I dealt with the yogurt sauce and radishes while Brian cooked up the ground beef and engaged in the much creepier work of creating “torpedoes” out of the lamb paste and stuffing them with beef.

Both the yogurt and radishes involved virtually no work on my part; the most difficult part by far was cleaning out the FoPro’s bowl so I could reuse it for the yogurt, mainly because I didn’t really want to touch it with my bare hands.  The yogurt was joined by tahini, garlic and lemon and whizzed until smooth, the radishes simply got sliced and tossed with parsley, lemon juice and olive oil.

The kibbeh construction required considerably more dexterity and the willingness to stick one’s finger deep, deep, deep into a cold, slimy tube of meat paste.  And work the tube of meat paste around one’s finger like it’s a digital pottery wheel.  Apparently, in Egypt the longer and thinner you can get your meat tube the better, while the Lebanese go for a squatter, more egg-shaped kibbeh.*

I go for the one that (1) gets the meat-tube-formation process over the most quickly and (2) looks the least phallic.  Go Lebanon!

The beef mixture gets scooped inside and the edge pinched closed.  Brian instructs me to advise that should you choose to try this at home, the optimal meat tube procedure is to make it short and squat, fill and seal it and then roll it out to be longer and more torpedo-esque.

*That’s what she said!

The kibbeh got a hot oil bath for 5 or 6 minutes, until they were a deep brown; the bulgar sent up a lovely nutty flavor.  The frying did nothing to enhance the turd-like appearance, although if all shit could smell like this, I’d mind having giant dogs a lot less.

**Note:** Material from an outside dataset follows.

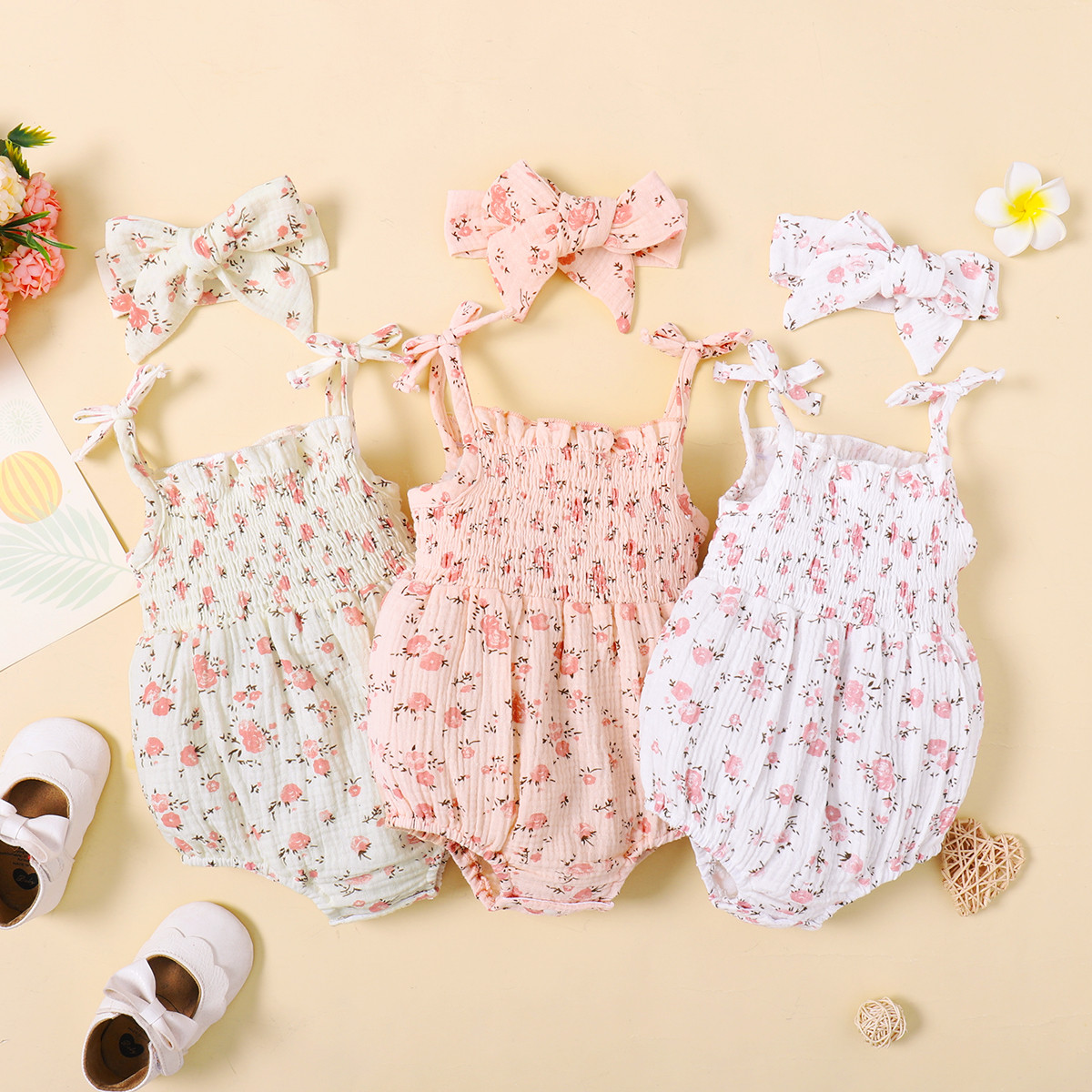 Baby Girl Sweet Floral Pattern Suspender Pleats Bodysuit & Headband Wholesale

While Brian kept kibbeh-frying, I finished off the radishes; I hadn’t wanted to add the lemon juice too early and have the radishes bleed and end up sitting in a pile of pink liquid.  I also spent some time bemoaning my lack of foresight for not having purchased any pita bread, because it was one less vehicle for scooping up large amounts of yogurt-tahini “cream salad.”

This mistake will not be repeated.  Two out of two dogs agree that they love licking yogurt-tahini sauce off a spoon, and will willingly sit still with the spoon three inches from their slavering faces for permission to lick.

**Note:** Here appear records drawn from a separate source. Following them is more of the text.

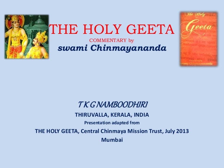 The Holy Geeta Commentary by Swami Chinmayananda. Bhagavad Gita: The Gospel for Holy Life (Sanskrit Text, English Translation and Notes on the. The Holy Geeta, a modern Commentary on Srimad Bhagawad Geeta, by Swami Chinmayananda is one of the most sought after commentaries of the Bhagvad. Holy Geeta by Swami Chinmayananda. The Bhagavad Gita: Text, Word-to-word Meaning, Translation and Commentary by Swami Sivananda. Bhagavad Gita all 18 Chapters in Sanskrit by H.H Swami Brahmananda, Chinmaya Mission (Courtesy of Central Chinmaya Mission Trust) NOTE: Gita Chanting by Swami Brahmananda may not be reproduced without prior approval from Central Chinmaya Mission Trust.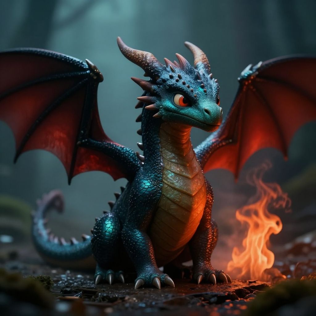 Realistic, cinematic, fantsy style of a cute dragon smolder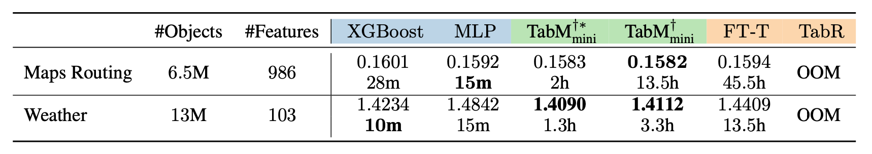 摘要。简单的MLP是最快的深度学习模型,而TabM是亚军。基于注意力和检索的模型显著较慢。总体而言,包括TabM在内的类似MLP的模型形成了一组具有代表性的实用和可访问的表格深度学习基准。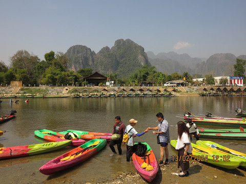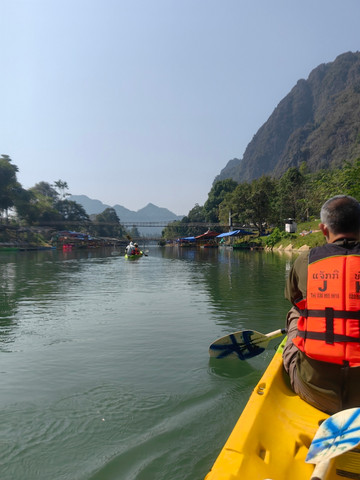 第十天:万荣的最后一天,早上整理好退房。门口等着突突车来接我们去玩皮划艇,这个是昨天旅程遗留的项目。今天没有包车,皮划艇老板安排拼车接送。一车人,大部分都是参加爬树活动。只有我们四个是皮划艇,出发点就在昨天最后探洞的那个大桥下。老板帮我们配了一个泰国小向导,老妈和宝宝一艘船,向导坐在他们船上,这样满足了老妈不想划船的梦想。

This kibbeh is fucking good.

That’s all there is to it.  It’s amazing, especially slathered in the yogurt sauce.  The lamb and bulgar made a crisp outer shell and had a gentle oniony bite.  The nuttiness of the fried bulgar was picked up by the pine nuts in the filling, and the spiced beef was a gorgeous complement and juxtaposition to the gamier lamb.  The yogurt was thick, creamy and bright with raw garlic and lemon.  With each bite of kibbeh we’d scoop up a big ol’ glob of yogurt sauce and its tangy fresh flavor was just what the kibbeh needed to keep from just being heavy meat logs.  The radishes were like a little palate cleanser in between.  Or rather, they should have been; I don’t know what kind of radishes Farmer John is growing this year, but these were shockingly mild and tasted almost like jicama.  Still, I’ll never turn down a radish.

Claudia Roden: This woman knows how to build a good meat log.